Yes I hate how windows is so damn expensive... you can get oem 7 for $100.  But i would like to see 1 version of the OS (minus servers) at a flat rate of $100 or less.  No more home premium... professional ultimate nonsense.


----------



## sunnysid3up

Fatback said:


> “A computer is like air conditioning – it becomes useless when you open Windows”
> 
> Windows is a must have though, for anything besides internet, or programming. Get W7, then dual boot with Linux.



yup dual booting is a good idea if you cant decide.
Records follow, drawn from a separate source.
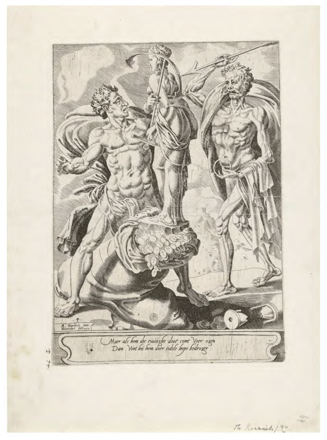
Figure 4: Dirck Coornhert & Maarten van Heemskerck, Money is of no Avail in the Sight of Death , 1550, engraving, Amsterdam, Rijksmuseum
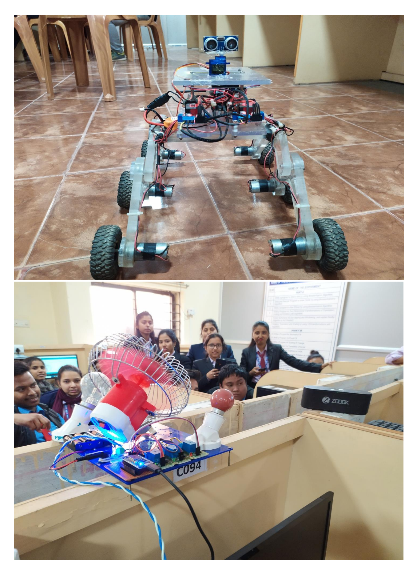
# Demonstration of Robotics and IoT applications by Technomate persons
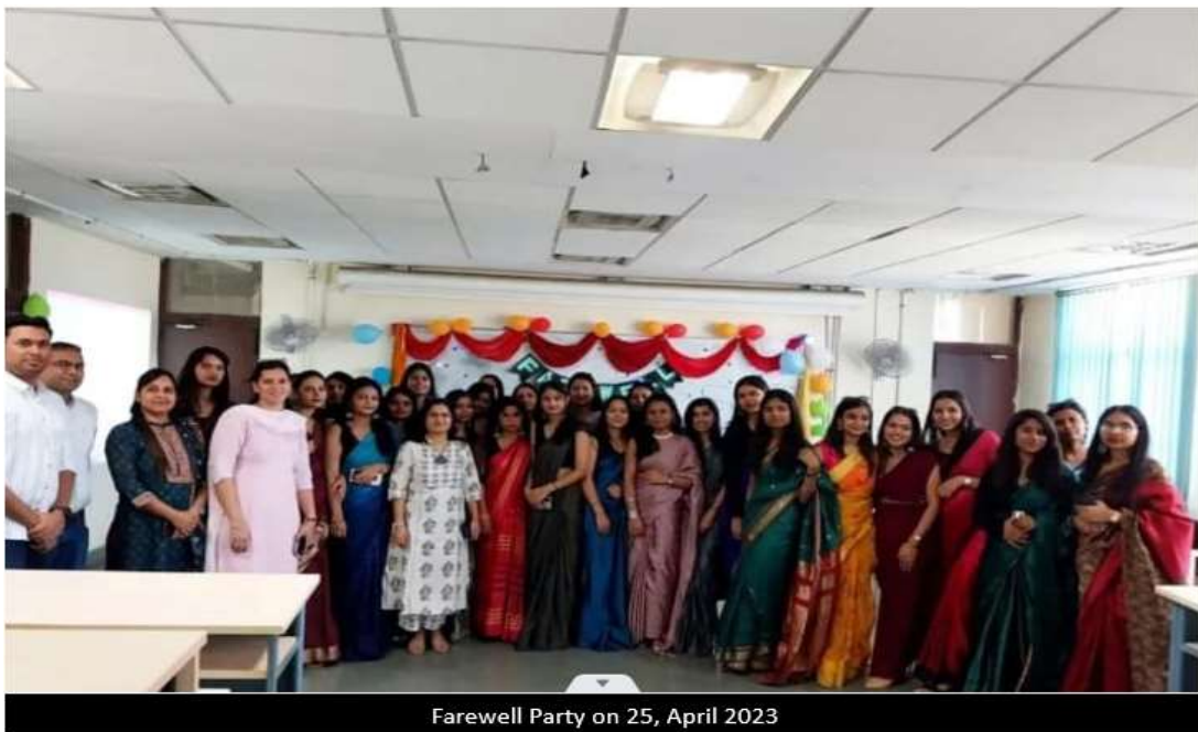
Farewell Party on 25, April 2023
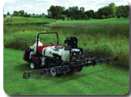
The new Multi Pro Spray Boom is more operator friendly and damage resistant.

The attachment comes with the newly redesigned spray boom (discussed above), a 200-gallon tank and electric boom and rate control valves. The required PTO kit allows the Workman to power the sprayer. Best of all, the system is easy to attach, converting the Workman into a sprayer in less than 30 minutes after initial installation.
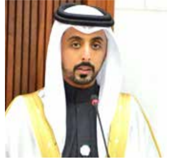
MP Ali Al Nuaimi

Article one outlines a levy of $1 per barrel of crude oil exported from Bahrain, applicable to barrels exceeding $40 in value, starting from the first
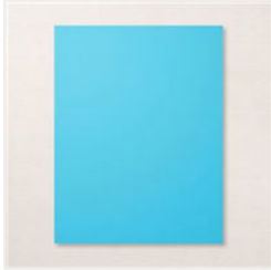
Tahitian Tide 8-1/2" X 11" Cardstock - 159261

I am dual booting W7 ultimate and lunix right now and i barely use lunix. its just there if you need it.... 

anyways you just install windows then put the ubuntu CD and click install. make sure you dual boot and not delete you windows 7 

but if you only want one OS i would use windows 7 just cuz when i was using lunix half the programs i needed were not compatible with lunix


----------



## TrainTrackHack

Linux.


----------



## wolfeking

The dual boot is the best Idea, however, you better have the restore disk to your windows OS, as the Linux/Ubuntu install will screw the restore partition on the hard drive.


----------



## voyagerfan99

wolfeking said:


> The dual boot is the best Idea, however, you better have the restore disk to your windows OS, as the Linux/Ubuntu install will screw the restore partition on the hard drive.



If you're tech savvy you don't need restore disks or partitions


----------



## jht27

Any downsides to a dual boot windows/linux OS? besides holding on to installation CDs?


----------



## salvage-this

Having two partitions with all of your data.  

Rebooting whenever you want to use a program from the other OS

Neither of those are not that bad for me.  It would feel weird not to have a dual boot now.


----------



## v3nes

randyotto said:


> windows are user friendly and almost all software and games support Windows



http://www.winehq.org/



randyotto said:


> Linux is mainly used for programing , so it depends on the usage what type of OS one want in his system



There are many different distributions. For servers, for programmers, for security annalists,  even ubuntu is used by overclockers


----------



## Quiltface

Wine doesn't work amazing all of the time.  It is an option though.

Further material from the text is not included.